#### WHAT THE TASK REQUIRES:
Transcribe exactly everything in the data below from the line containing "Bericht | Entscheidende" down to the line containing "После этого участницы", both lines included and nothing further.

━━━ DATA

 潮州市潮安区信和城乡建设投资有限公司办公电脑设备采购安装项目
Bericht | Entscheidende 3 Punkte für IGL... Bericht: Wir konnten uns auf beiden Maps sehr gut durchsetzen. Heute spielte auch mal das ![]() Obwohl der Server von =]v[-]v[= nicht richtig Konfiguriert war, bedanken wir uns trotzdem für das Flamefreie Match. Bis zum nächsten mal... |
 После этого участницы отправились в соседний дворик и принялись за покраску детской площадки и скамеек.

━━━━━━
━━━ DATA

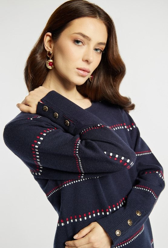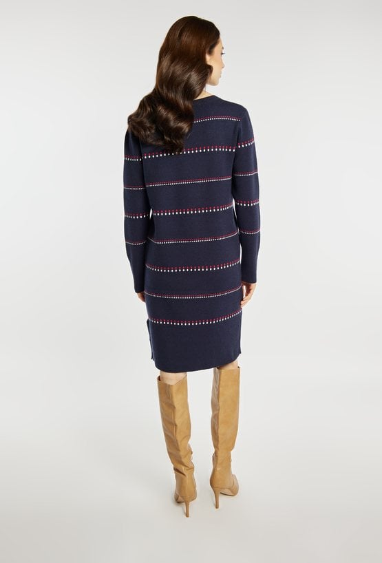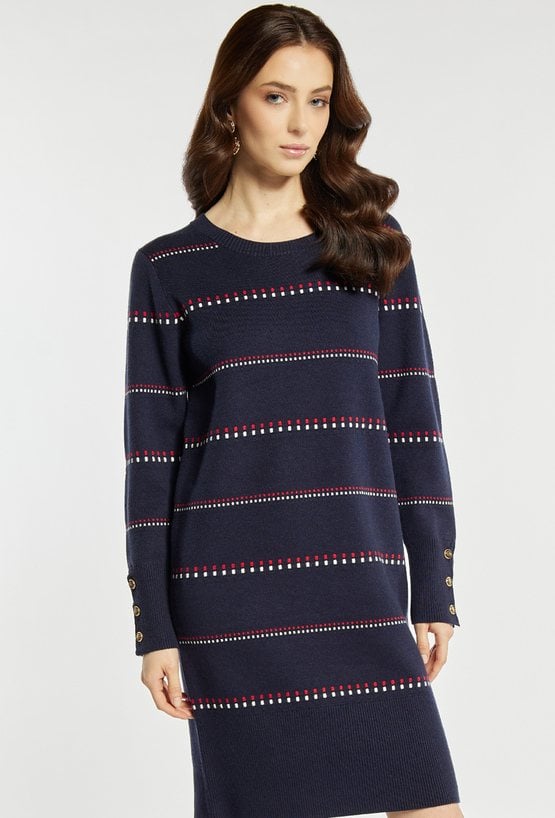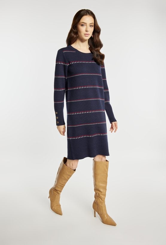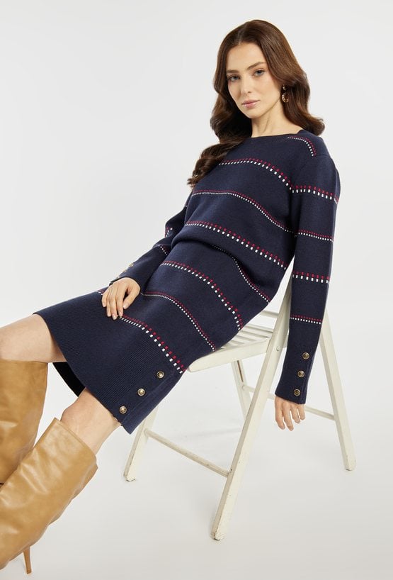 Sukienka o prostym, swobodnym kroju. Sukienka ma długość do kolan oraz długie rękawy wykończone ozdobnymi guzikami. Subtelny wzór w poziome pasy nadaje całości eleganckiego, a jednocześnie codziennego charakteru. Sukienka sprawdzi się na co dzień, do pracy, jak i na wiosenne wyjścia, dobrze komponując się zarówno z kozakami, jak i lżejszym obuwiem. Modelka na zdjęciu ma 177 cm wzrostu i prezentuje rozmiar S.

━━━━━━
━━━ DATA

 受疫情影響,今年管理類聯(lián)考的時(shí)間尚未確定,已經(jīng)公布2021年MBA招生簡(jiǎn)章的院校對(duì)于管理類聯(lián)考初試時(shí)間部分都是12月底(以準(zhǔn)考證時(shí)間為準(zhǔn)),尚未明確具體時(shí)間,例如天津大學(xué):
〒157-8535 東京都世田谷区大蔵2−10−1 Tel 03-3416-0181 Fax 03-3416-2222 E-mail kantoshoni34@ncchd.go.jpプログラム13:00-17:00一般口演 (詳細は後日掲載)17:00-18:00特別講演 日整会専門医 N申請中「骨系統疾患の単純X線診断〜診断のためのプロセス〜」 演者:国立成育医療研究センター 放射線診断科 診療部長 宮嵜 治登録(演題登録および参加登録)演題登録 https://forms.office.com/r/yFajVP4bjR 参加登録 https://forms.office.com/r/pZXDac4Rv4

━━━━━━

#### EXERCISE OUTPUT:
Bericht | Entscheidende 3 Punkte für IGL... Bericht: Wir konnten uns auf beiden Maps sehr gut durchsetzen. Heute spielte auch mal das ![]() Obwohl der Server von =]v[-]v[= nicht richtig Konfiguriert war, bedanken wir uns trotzdem für das Flamefreie Match. Bis zum nächsten mal... |
 После этого участницы отправились в соседний дворик и принялись за покраску детской площадки и скамеек.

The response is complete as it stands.